Random signal theory is important for
  • Analysis of signals;
  • Inference of underlying system parameters from noisy observed data;
  • Design of optimal systems (digital and analogue signal recovery, signal classification, estimation ...);
  • Predicting system performance (error-rates, signal-to-noise ratios, ...).

Example 1: Speech signals

Use probability theory to characterize that some sequences of vowels and consonants are more likely than others, some waveforms more likely than others for a given vowel or consonant. Please see Figure 1.

Use this to achieve: speech recognition, speech coding, speech enhancement, ...

Figure 1: Four utterances of the vowel sound 'Aah'.
Figure 1 (figure1.png)

Example 2: Digital communications

Characterize the properties of the digital data source (mobile phone, digital television transmitter, ...), characterize the noise/distortions present in the transmission channel. Please see Figure 2.
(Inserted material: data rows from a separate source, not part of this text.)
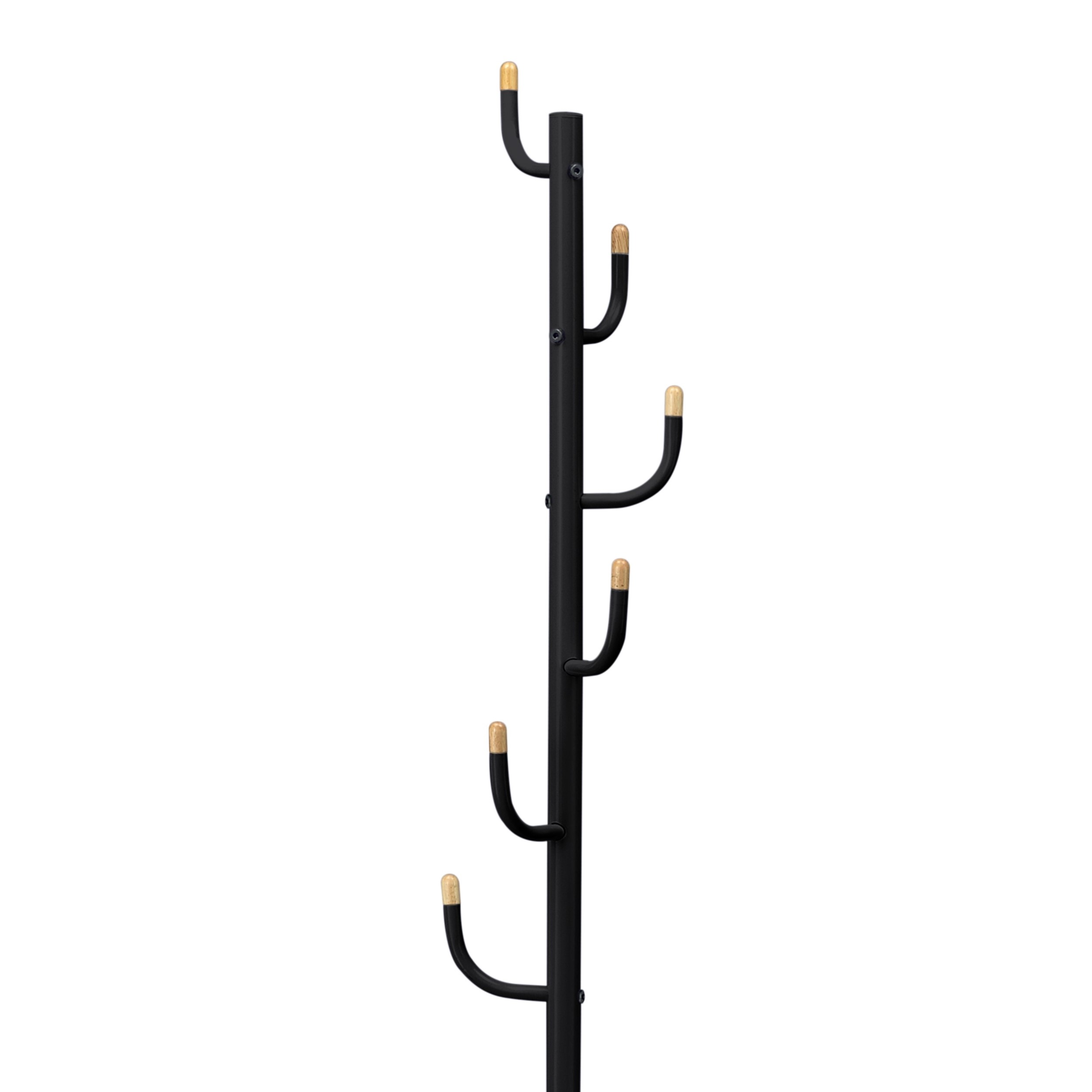 Opremljeno je s šestimi kljukami, ki so razporejene na različnih višinah za optimalno izrabo prostora. Vsaka kljuka ima konco iz lesa, v svoji naravni barvi,  kar hkrati ščiti oblačila pred poškodbami in obenem doda topel, naraven poudarek kovinski konstrukciji.
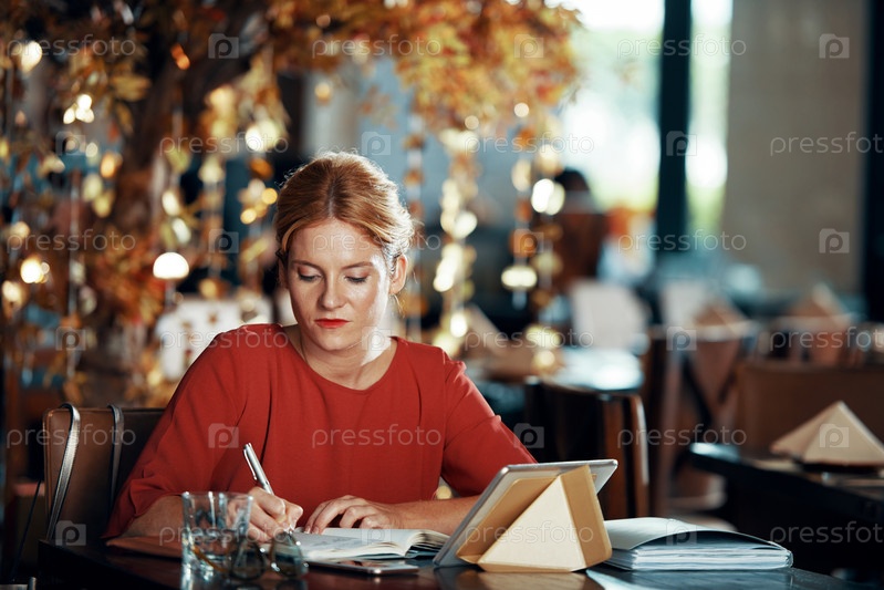 Деловая леди в открытом кафе
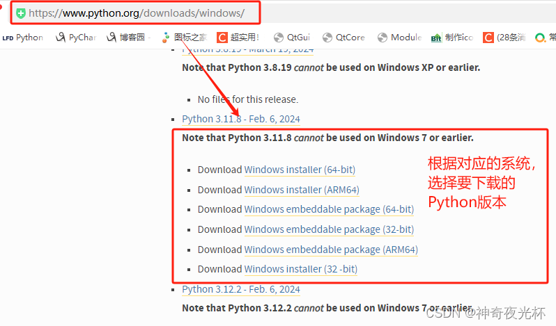 1-2、Python版本:Python 3.11.8(下载地址:Python Releases for Windows | Python.org)

Use this to achieve: accurate regeneration of the digital signal at the receiver, analysis of the channel characteristics ...

Figure 2: Digital data stream from a noisy communications Channel.
Figure 2 (figure2.png)

Probability theory is used to give a mathematical description of the behavior of real-world systems which involve elements of randomness. Such a system might be as simple as a coin-flipping experiment, in which we are interested in whether 'Heads' or 'Tails' is the outcome, or it might be more complex, as in the study of random errors in a coded digital data stream (e.g. a CD recording or a digital mobile phone).

The basics of probability theory should be familiar from the IB Probability and Statistics course. Here we summarize the main results from that course and develop them into a framework that can encompass random signals and processes.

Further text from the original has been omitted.